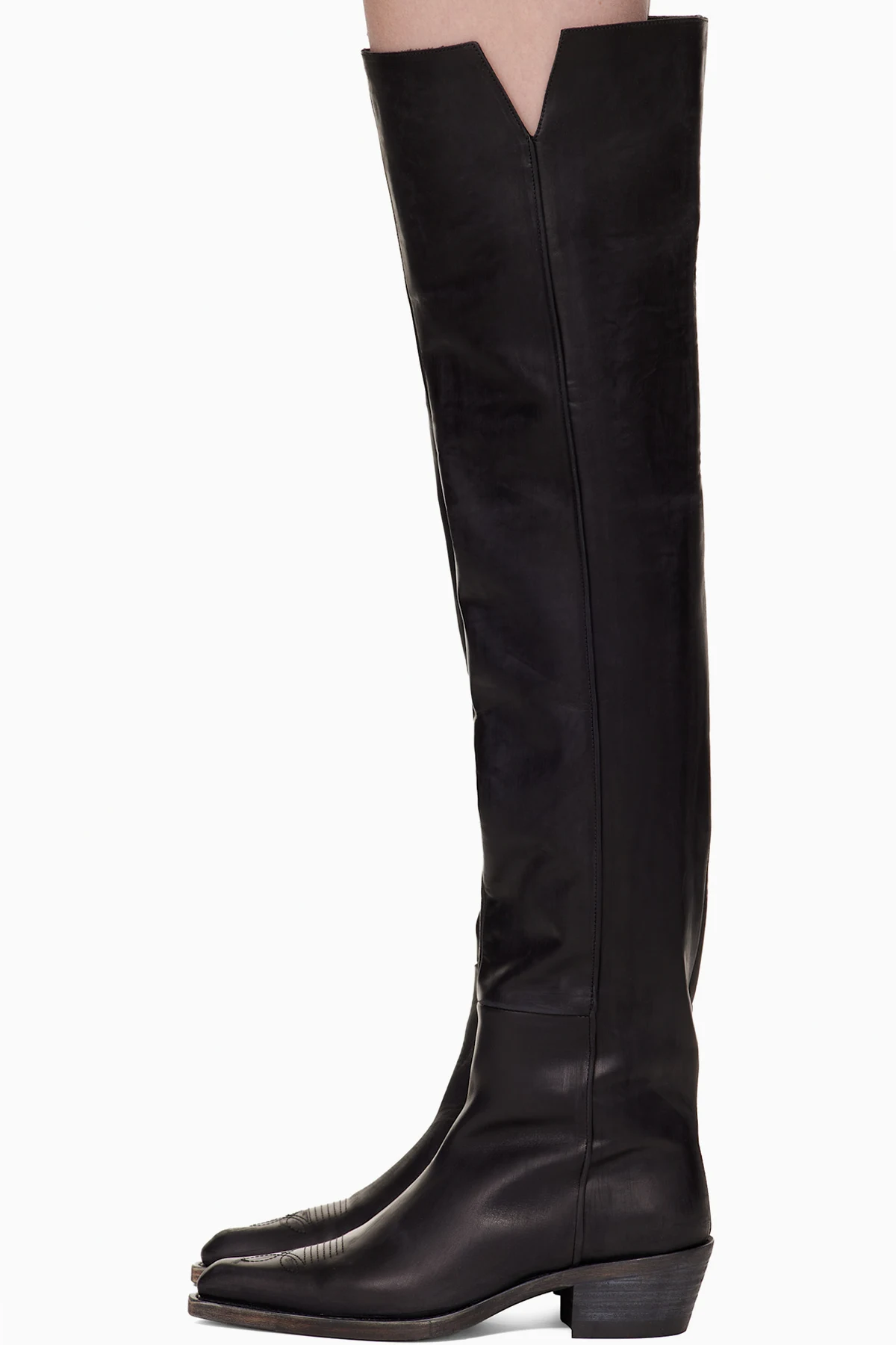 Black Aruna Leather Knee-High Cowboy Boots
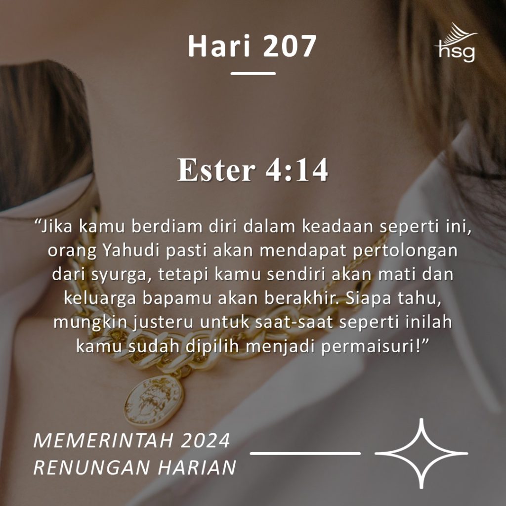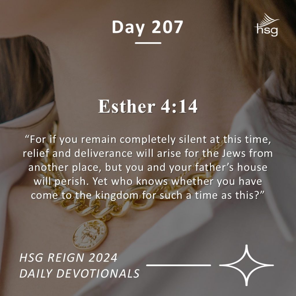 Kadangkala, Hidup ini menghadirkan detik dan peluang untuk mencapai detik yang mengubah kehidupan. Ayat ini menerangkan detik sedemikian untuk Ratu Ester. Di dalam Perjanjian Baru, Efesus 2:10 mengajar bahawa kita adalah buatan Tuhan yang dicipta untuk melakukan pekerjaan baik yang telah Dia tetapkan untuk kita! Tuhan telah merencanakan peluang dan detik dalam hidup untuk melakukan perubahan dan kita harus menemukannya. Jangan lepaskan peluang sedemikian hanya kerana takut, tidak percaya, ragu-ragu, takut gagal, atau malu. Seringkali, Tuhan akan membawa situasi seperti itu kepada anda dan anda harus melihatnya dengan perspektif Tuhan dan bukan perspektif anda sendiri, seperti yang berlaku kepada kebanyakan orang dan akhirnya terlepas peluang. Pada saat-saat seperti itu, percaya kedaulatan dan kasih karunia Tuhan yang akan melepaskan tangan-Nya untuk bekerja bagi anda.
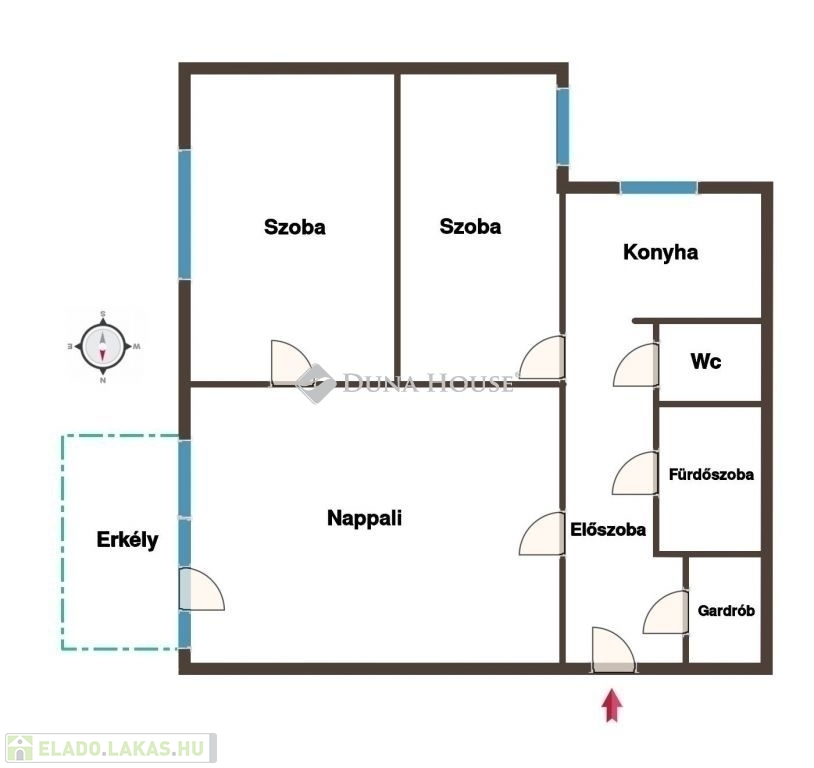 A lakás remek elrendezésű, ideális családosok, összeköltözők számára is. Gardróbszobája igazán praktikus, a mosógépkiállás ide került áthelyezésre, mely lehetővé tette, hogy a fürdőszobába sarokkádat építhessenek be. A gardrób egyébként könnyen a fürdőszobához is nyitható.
-*-*-
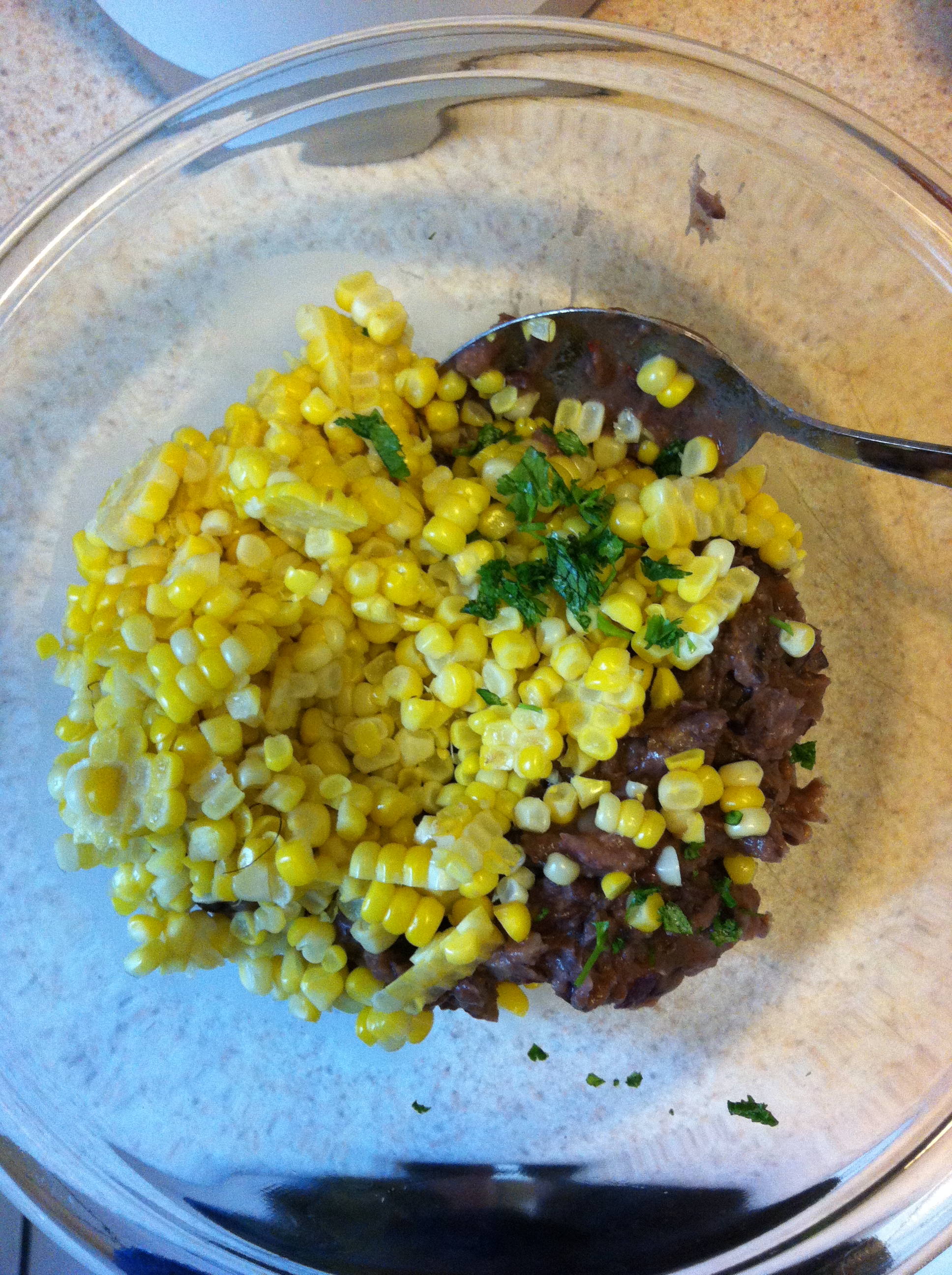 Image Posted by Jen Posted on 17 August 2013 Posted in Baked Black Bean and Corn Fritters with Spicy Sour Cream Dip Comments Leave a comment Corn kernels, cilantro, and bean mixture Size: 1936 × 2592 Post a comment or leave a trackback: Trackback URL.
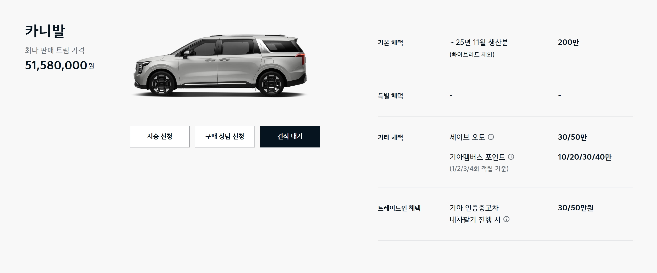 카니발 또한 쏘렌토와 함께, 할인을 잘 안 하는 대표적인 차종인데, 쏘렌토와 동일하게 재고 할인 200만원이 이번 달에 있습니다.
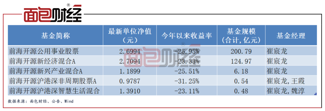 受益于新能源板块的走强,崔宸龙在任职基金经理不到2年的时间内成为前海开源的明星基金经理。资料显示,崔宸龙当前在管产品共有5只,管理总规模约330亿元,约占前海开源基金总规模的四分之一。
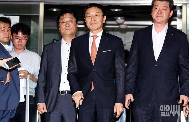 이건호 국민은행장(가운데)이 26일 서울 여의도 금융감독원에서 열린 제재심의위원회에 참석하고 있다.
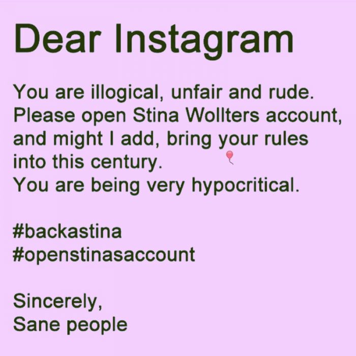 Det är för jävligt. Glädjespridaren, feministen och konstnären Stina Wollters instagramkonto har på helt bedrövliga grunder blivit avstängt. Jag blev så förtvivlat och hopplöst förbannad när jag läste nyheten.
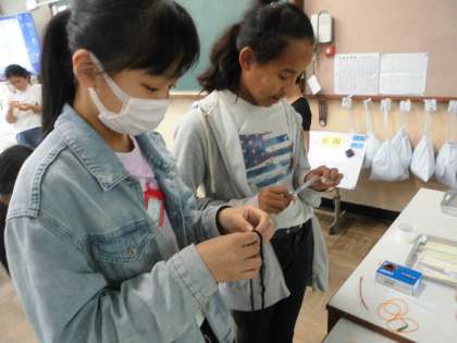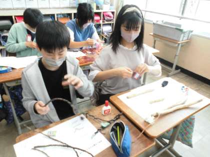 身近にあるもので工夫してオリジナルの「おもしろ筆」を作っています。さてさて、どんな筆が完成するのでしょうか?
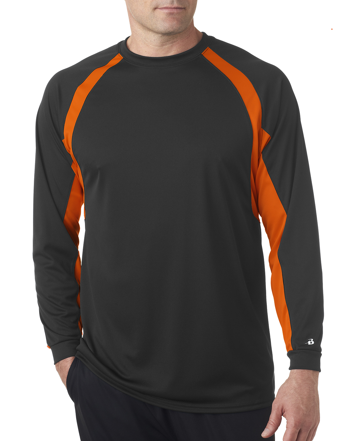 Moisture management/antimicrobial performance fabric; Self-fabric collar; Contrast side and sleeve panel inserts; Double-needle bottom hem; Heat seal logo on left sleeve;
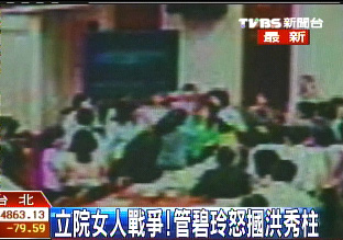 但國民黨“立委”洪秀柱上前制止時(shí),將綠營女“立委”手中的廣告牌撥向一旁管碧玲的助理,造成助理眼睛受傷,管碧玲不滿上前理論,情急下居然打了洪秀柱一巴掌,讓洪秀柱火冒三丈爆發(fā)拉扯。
-*-*-
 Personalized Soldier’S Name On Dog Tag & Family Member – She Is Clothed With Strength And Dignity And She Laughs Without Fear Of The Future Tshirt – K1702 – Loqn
-*-*-
## [Exercise]
Copy exactly the lines of the entries above from the one containing "이건호 국민은행장(가운데)이 26일" through the one containing "Det är för jävligt.". Both end lines count; pictures do not.

## [Output of the exercise]
 이건호 국민은행장(가운데)이 26일 서울 여의도 금융감독원에서 열린 제재심의위원회에 참석하고 있다.
 Det är för jävligt. Glädjespridaren, feministen och konstnären Stina Wollters instagramkonto har på helt bedrövliga grunder blivit avstängt. Jag blev så förtvivlat och hopplöst förbannad när jag läste nyheten.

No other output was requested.